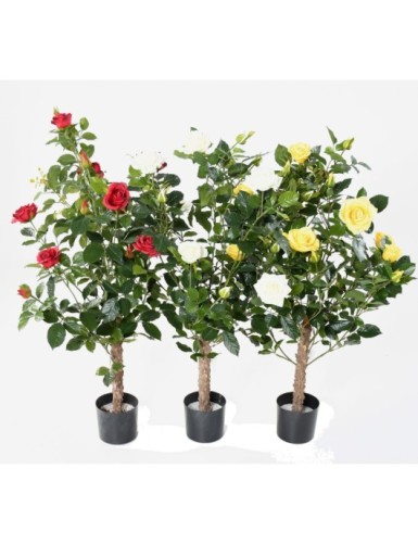 ROSIER ROYAL Artificiel, plante artificielle avec un pot de diamètre 12cm et une hauteur de 12cm, une tige armée, 8 fleurs et 8 boutons, les fleurs ont un diamètre de 9cm.
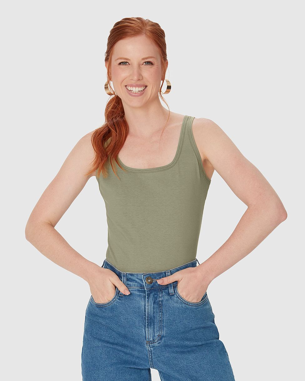 Regata Básica Feminina Decote U Em Malha Algodão Pima
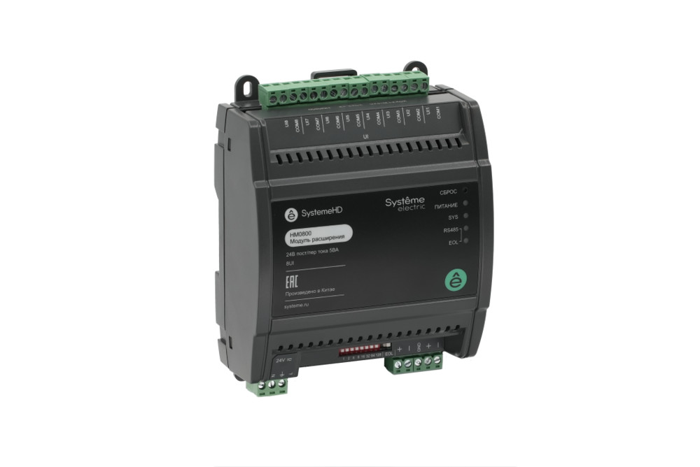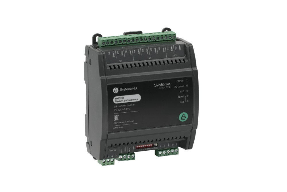 Модуль расширения SystemeHD, 8 универсальных входов, индивидуально конфигурируемых как дискретный вход, вход термосопротивления RTD, аход напряжения 0…10 В или вход тока 4…20 мА, порт RS485, Modbus RTU Slave или BACnet MS/TP, напряжение питания 24 В переменного или постоянного тока
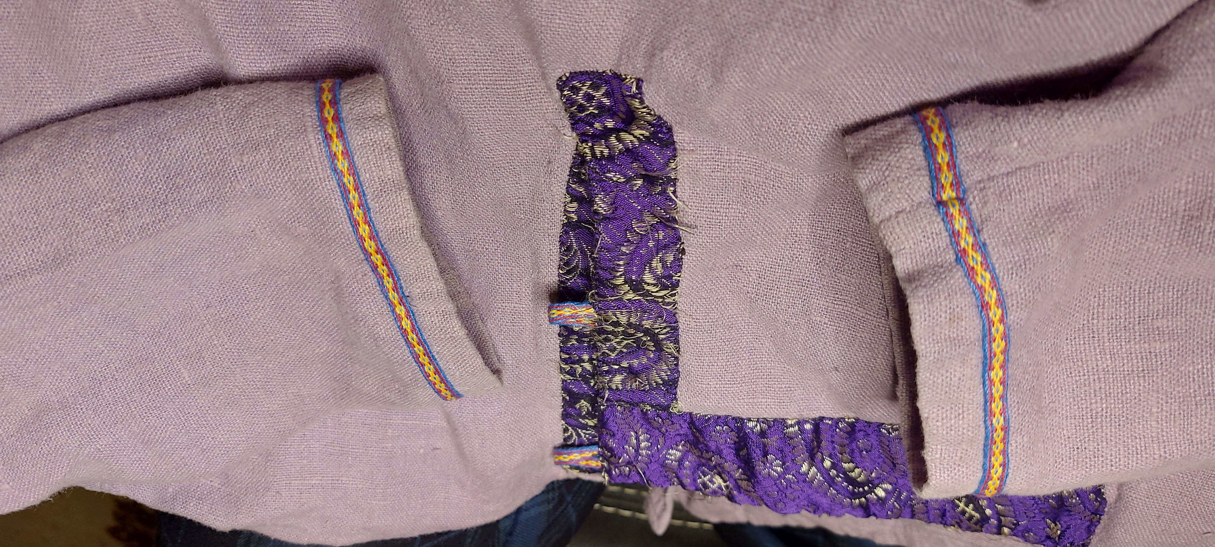 On 2025-12-15 trim on his tunic I attached the purple/light maroon red/yellow narrow tablet woven trim Keldor got from Umas Dansmasterine in trade for the knife Skote to the purple Linen tunic that Geri made him.

• • • • • • •

- **Exercise**
Reproduce every line of the data above, exactly as it stands, but not the pictures.

- **Exercise answer**
 ROSIER ROYAL Artificiel, plante artificielle avec un pot de diamètre 12cm et une hauteur de 12cm, une tige armée, 8 fleurs et 8 boutons, les fleurs ont un diamètre de 9cm.
 Regata Básica Feminina Decote U Em Malha Algodão Pima
 Модуль расширения SystemeHD, 8 универсальных входов, индивидуально конфигурируемых как дискретный вход, вход термосопротивления RTD, аход напряжения 0…10 В или вход тока 4…20 мА, порт RS485, Modbus RTU Slave или BACnet MS/TP, напряжение питания 24 В переменного или постоянного тока
 On 2025-12-15 trim on his tunic I attached the purple/light maroon red/yellow narrow tablet woven trim Keldor got from Umas Dansmasterine in trade for the knife Skote to the purple Linen tunic that Geri made him.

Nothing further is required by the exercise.